Tim Challies reflecting on a book by Diana West called The Death of the Grown-up was struck by the chapter that dealt with the loss of shame.  Challies notes that shame can be positive and negative.  In it’s positive form it is brought about by guilt or realizing our inadequacy.  Shame can have positive effect when it’s cause and cure is rooted in the Gospel, as the Apostle Paul writes:

For even if I made you grieve with my letter, I do not regret it—though I did regret it, for I see that that letter grieved you, though only for a while.  As it is, I rejoice, not because you were grieved, but because you were grieved into repenting. For you felt a godly grief, so that you suffered no loss through us.

For godly grief produces a repentance that leads to salvation without regret, whereas worldly grief produces death.  For see what earnestness this godly grief has produced in you, but also what eagerness to clear yourselves, what indignation, what fear, what longing, what zeal, what punishment! At every point you have proved yourselves innocent in the matter, (2 Cornithians 7:8-11, ESV).

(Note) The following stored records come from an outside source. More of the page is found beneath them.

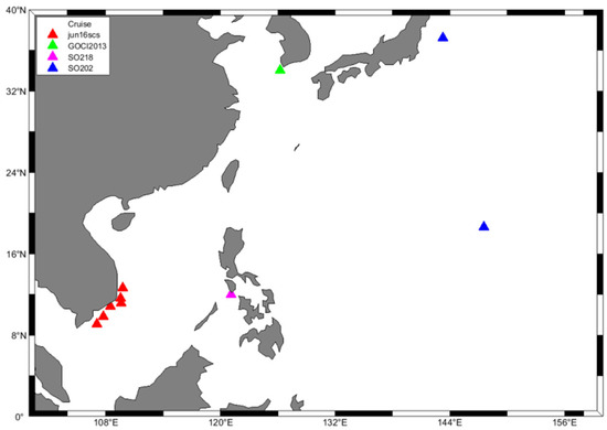 In order to verify the applicability of satellite products in the South China Sea, this paper uses the HPLC measured data of four cruises in the SEABASS database (https://seabass.gsfc.nasa.gov/, accessed on 24 December 2022) for verification. Finally, 10 coincident satellite data and HPLC data were selected at near-surface depths (<10 m) using the nearest method, as show in Figure 1. The time range includes 2009, 2011, 2013, and 2016.
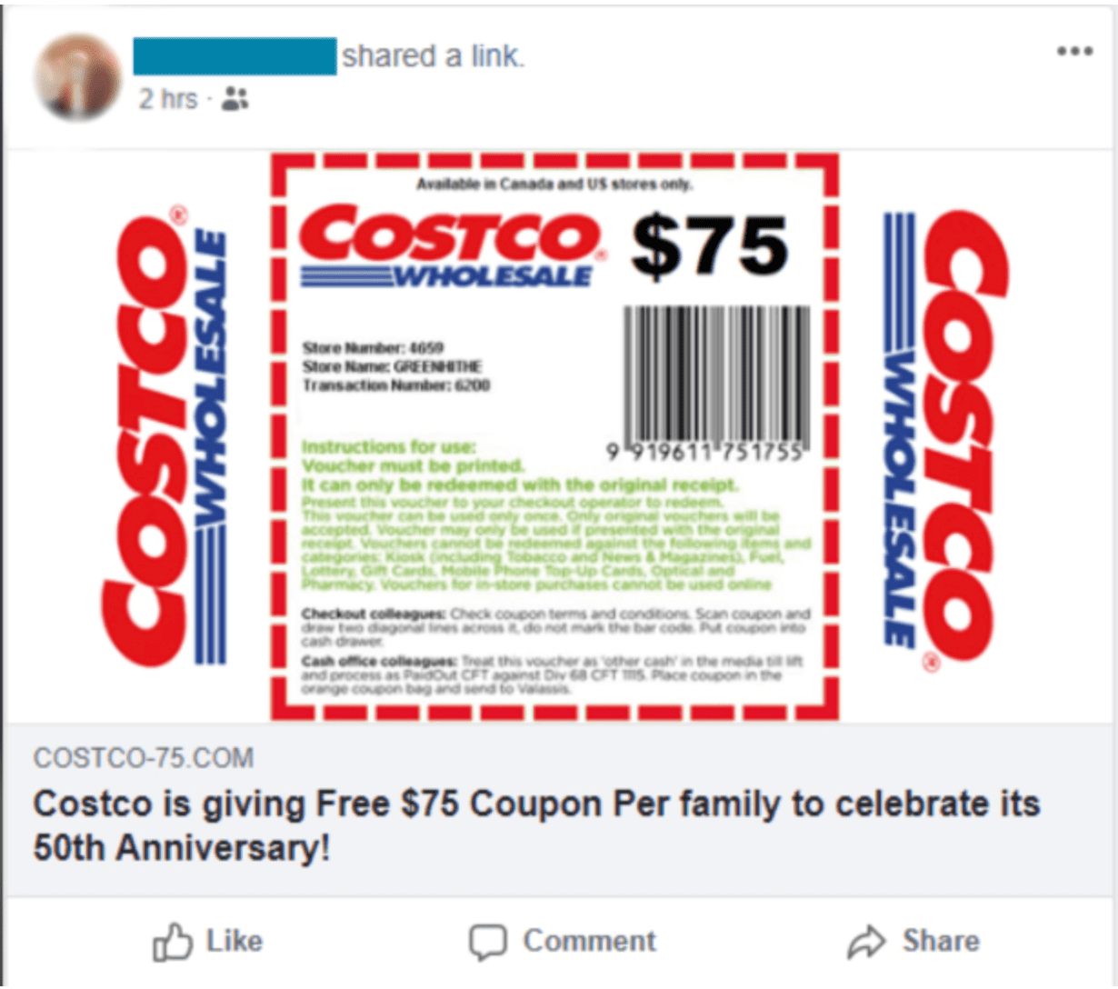 Przykład fałszywego kuponu na Facebooku, w której oszuści promowali nieistniejącą ofertę zniżkową Costco, aby oszukać użytkowników. Źródło: Facebook
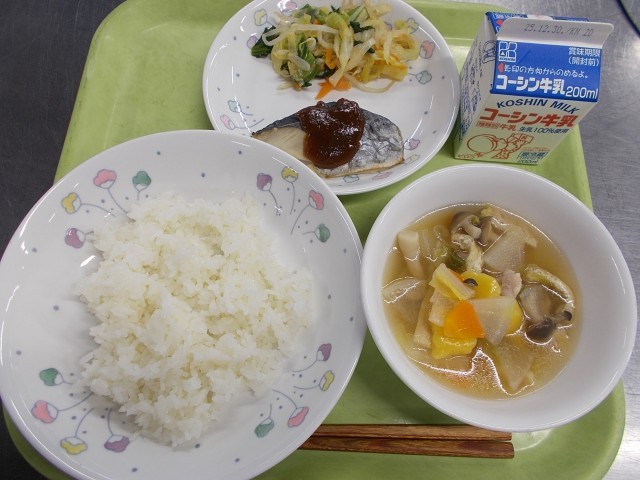 今日の給食は「ごはん・さわらのゆず味噌焼き・野菜の生姜じょうゆ和え・かぼちゃすいとん・牛乳」です。
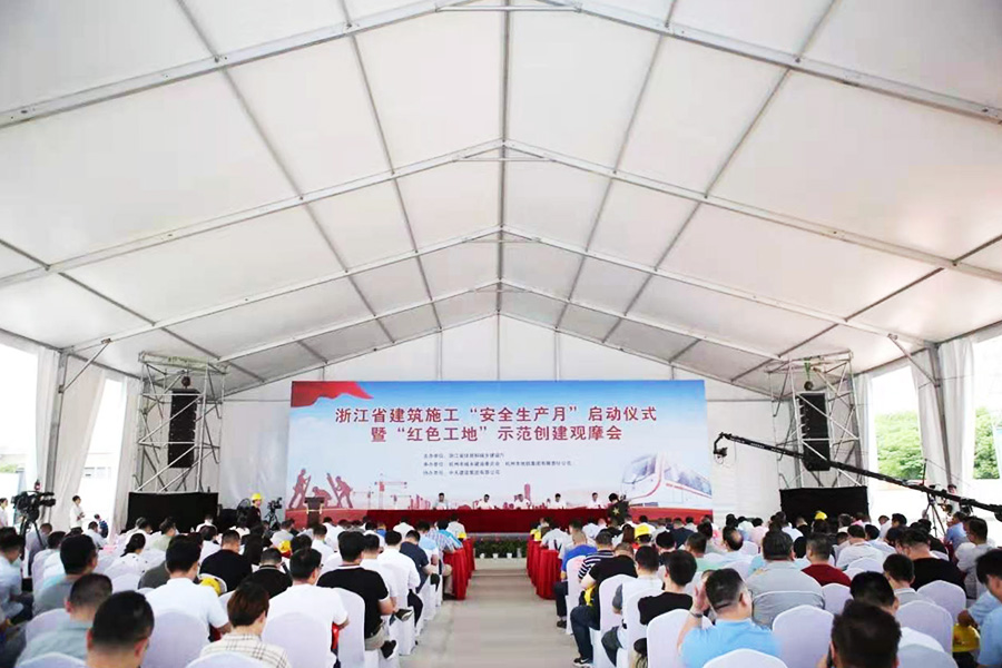 2021年6月1日,浙江省建設廳在杭州召開全省建筑施工“安全生產月”啟動儀式暨“紅色工地”示范創建觀摩會。廳黨組副書記、副廳長、一級巡視員應柏平參加會議并講話,廳黨組成員、省建管總站站長、二級巡視員朱永斌主持會議。
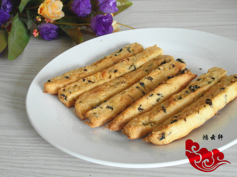 1,没有紫菜用海苔。2,蛋液要分次加入。3,不冷藏,可以直接擀成薄饼,切条,移入烤盘进行烘烤。4,烤箱温度和时间仅供参考。5,饼干如果做的厚,需要延长烤制时间。6,盐的多少需要根据肉松的咸度搭配。
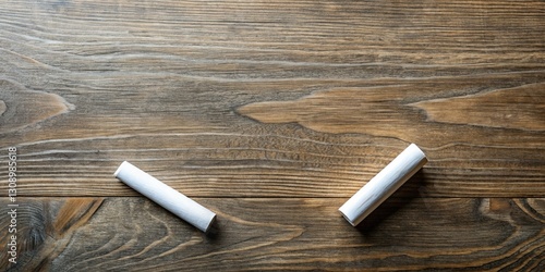 Overhead Flat Lay: Chalk on Rustic Wood, Modern Minimalist Background - Copy Space
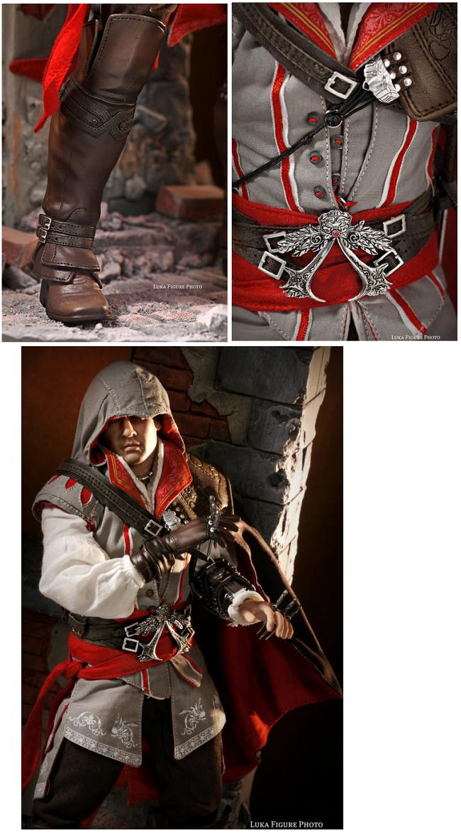 Based on the look of the character from the beginning of his saga, this younger Ezio features all of the minute details seen in the fan-favorite game, including the baby smooth face, parted hair, pony tail, and scar on his lip (above). Overall, this is one of the most accurate and impressive 1/6th scale figures based on a video game figure ever.

When we realize that our shame is due to sin and that brings about repentance that is a good thing.  Where shame is negative is when we still struggle with it after we repent, after we apply the Gospel cure to the cause of our shame.  That isn’t from God.

Society, however, wants to do away with shame all together.  That will be disastrous.  Challies cites West tracing the decline of shame to the death of the notion of obscenity which is most poignant in the arts.

“By the time the courts, in effect, declared obscenity was dead, they had killed something vital to a healthy society: the faculty of judgment that attempts to distinguish between what is obscene and what is not obscene—the avowedly ‘grown-up’ sensibility of an outmoded authority figure who had long relied on a proven hierarchy of taste and knowledge until it was quite suddenly leveled. From this leveling came another casualty: society’s capacity, society’s willingness, to make even basic distinctions between trash and art.

Once the law balked at recognizing obscenity, the populace began to doubt the very basis for shame. With no legal, institutional support for consensus, little wonder the bottom fell out from under morality.” As obscenity became a thing of the past, so too did it’s necessary consequence: shame. Shame is increasingly missing from our culture. We do things, watch things, enjoy things, participate in things that at any other time and in any other place would be considered shameful. Politicians show little remorse, little shame, when their dirty sexual deeds are exposed. Parents cavort with children, acting like children. “Shamelessness sheds light on why it is that American matrons are more likely to host sex-toy parties than Tupperware parties; why the Major Leagues showcase Viagra ads at home plate; why a presidential fund-raiser for GOP candidates includes a well-endowing—that is, contributing—porn star and pornographer; and why at grocery store checkouts shoppers can check out “hot sex tips” along with a loaf of bread. We have all learned—or at least we have all been taught—that the mental blush is superseded by the genital tingle.”

When consider this is it no wonder we have kids sexting, increasing amounts of pornography, and junior high kids giving each other oral sex after school?  We shouldn’t be surprised.  West goes on to say…

“By the twenty-first century, shame and embarrassment have zero association with sexuality—or so we are endlessly, numbingly instructed—and, correspondingly, an infantile lack of behavioral restraint may be observed in everything from freak dancing, to ‘super-size’ eating, to McMansion-building. Without the concept of obscenity, without reason for shame, the ‘self’ in self-control sees no greater, larger, socially significant point in holding back.”

Do we have any shame?  Evidently not.